* _WHAT TO PRODUCE_: Starting at the line that contains "ФУНКЦИИ. Благодаря лазеру", write out each line through the end of the data below, exactly as it stands. Skip any pictures.

* _COLLECTED DATA_:
━━━━━━━━━━━━━━━━━━━━━━━━━━━━━━
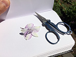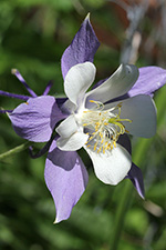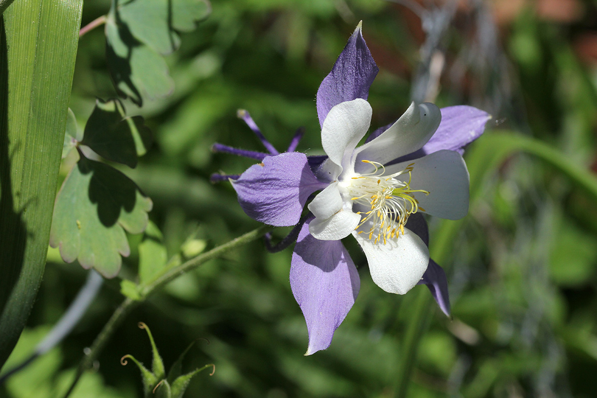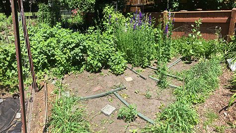 i also have a solitary columbine plant in my plot that has a few showy flowers. they might make good pressed flowers but i couldn't bare to cut any of them because they looked so pretty. there's also a transplanted 2nd season hollyhock that has flowered yet but has some buds. finally, a wild tomato grows in the empty plot.
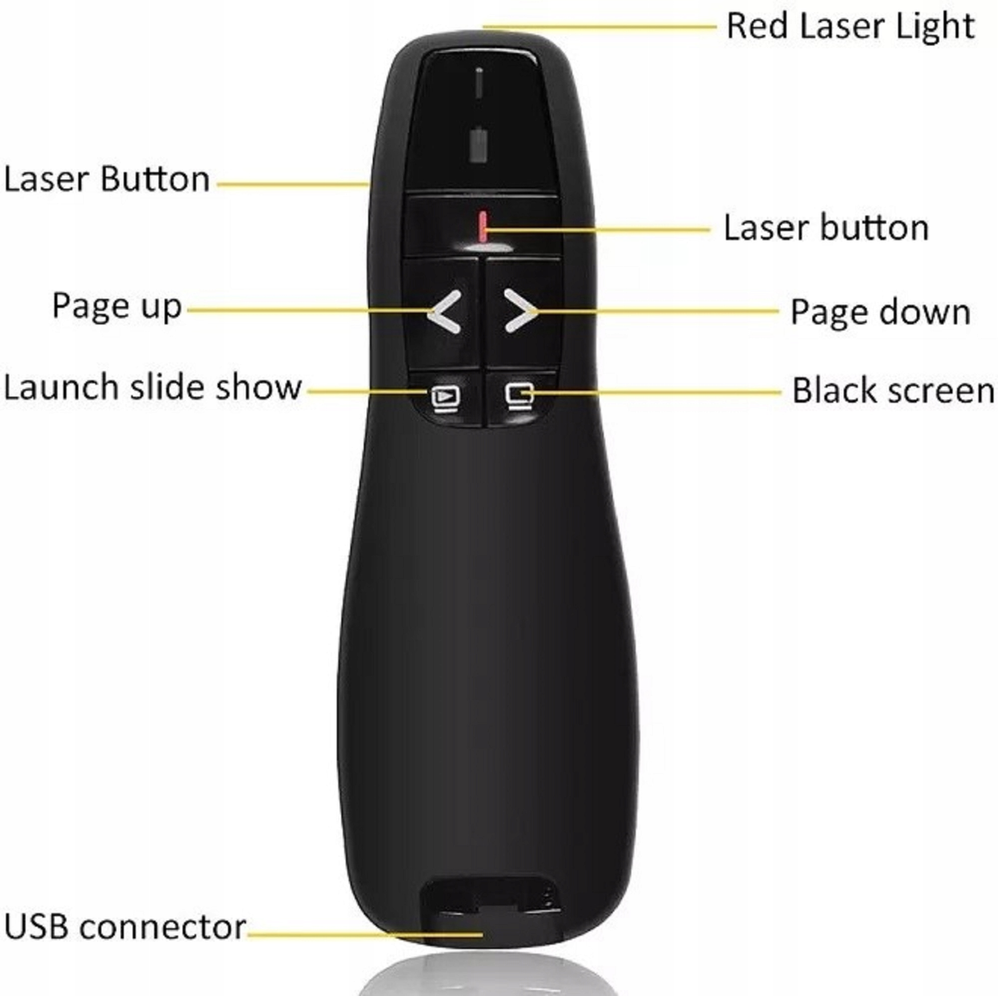 ФУНКЦИИ. Благодаря лазеру вы сможете показать аудитории самую важную информацию в вашей презентации. Удачно расположенные кнопки позволяют переключать слайды вперед и назад, выключать экран или выключать устройство. Это хороший подарок для людей, проводящих презентации.
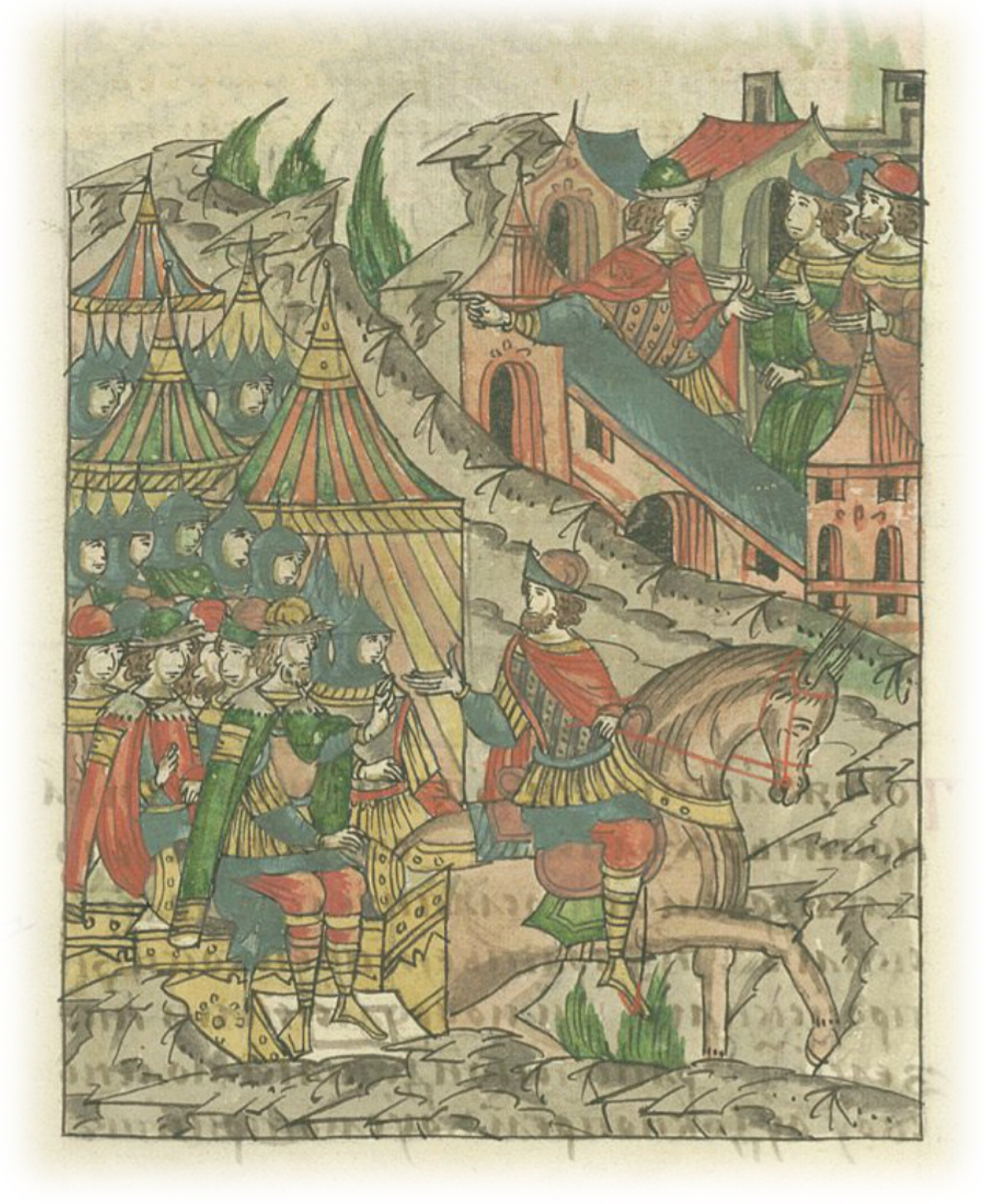 Подойдя с войском к Смоленску, великий князь Олег Иванович посылает посла в город, требуя открыть ворота и принять великого князя Юрия Святославича Смоленского на княжение.
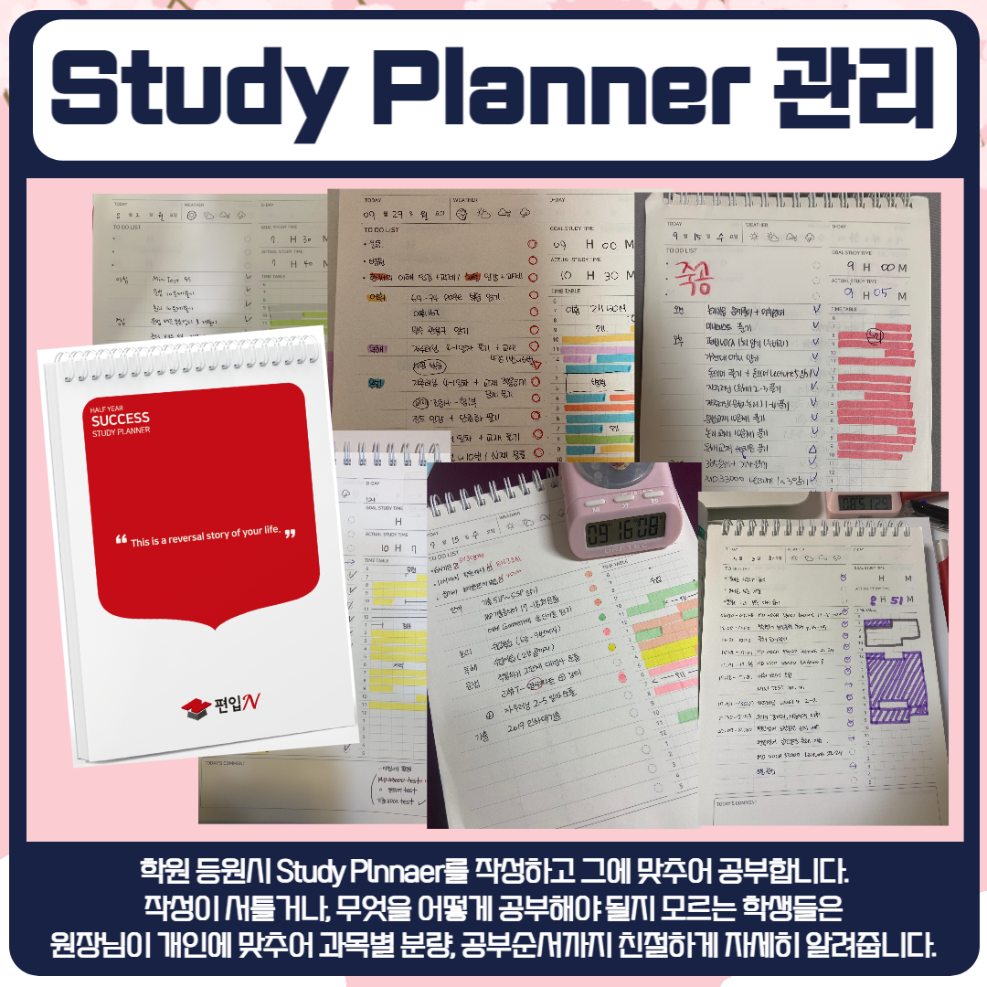 주간 스케줄에 부여되는 과제는 스터디플래너 작성과 관리에서부터 시작됩니다. 노원편입학원 편입N 수강생들은 등원시 모두 하루에 어떤 공부를 할지 계획하는데 이걸 원장님이 일일이 다 봐주고 계십니다. 물론 처음 작성하거나 어떻게 공부해야 할지 감을 잡지 못하는 학생들도 있는데 이것도 걱정하지 않으셔도 되는게 원장님이 함께 작성해주고 있어요. 계획 없는 공부는 적합한 시험준비가 아닙니다. 마구잡이 공부에 불과하죠. 부족한 것을 보완할 수 있도록 계획적으로 공부해야 한다는 점에서 아주 좋은 프로그램인 것 같아요.
━━━━━━━━━━━━━━━━━━━━━━━━━━━━━━
* _FINISHED TASK_:
 ФУНКЦИИ. Благодаря лазеру вы сможете показать аудитории самую важную информацию в вашей презентации. Удачно расположенные кнопки позволяют переключать слайды вперед и назад, выключать экран или выключать устройство. Это хороший подарок для людей, проводящих презентации.
 Подойдя с войском к Смоленску, великий князь Олег Иванович посылает посла в город, требуя открыть ворота и принять великого князя Юрия Святославича Смоленского на княжение.
 주간 스케줄에 부여되는 과제는 스터디플래너 작성과 관리에서부터 시작됩니다. 노원편입학원 편입N 수강생들은 등원시 모두 하루에 어떤 공부를 할지 계획하는데 이걸 원장님이 일일이 다 봐주고 계십니다. 물론 처음 작성하거나 어떻게 공부해야 할지 감을 잡지 못하는 학생들도 있는데 이것도 걱정하지 않으셔도 되는게 원장님이 함께 작성해주고 있어요. 계획 없는 공부는 적합한 시험준비가 아닙니다. 마구잡이 공부에 불과하죠. 부족한 것을 보완할 수 있도록 계획적으로 공부해야 한다는 점에서 아주 좋은 프로그램인 것 같아요.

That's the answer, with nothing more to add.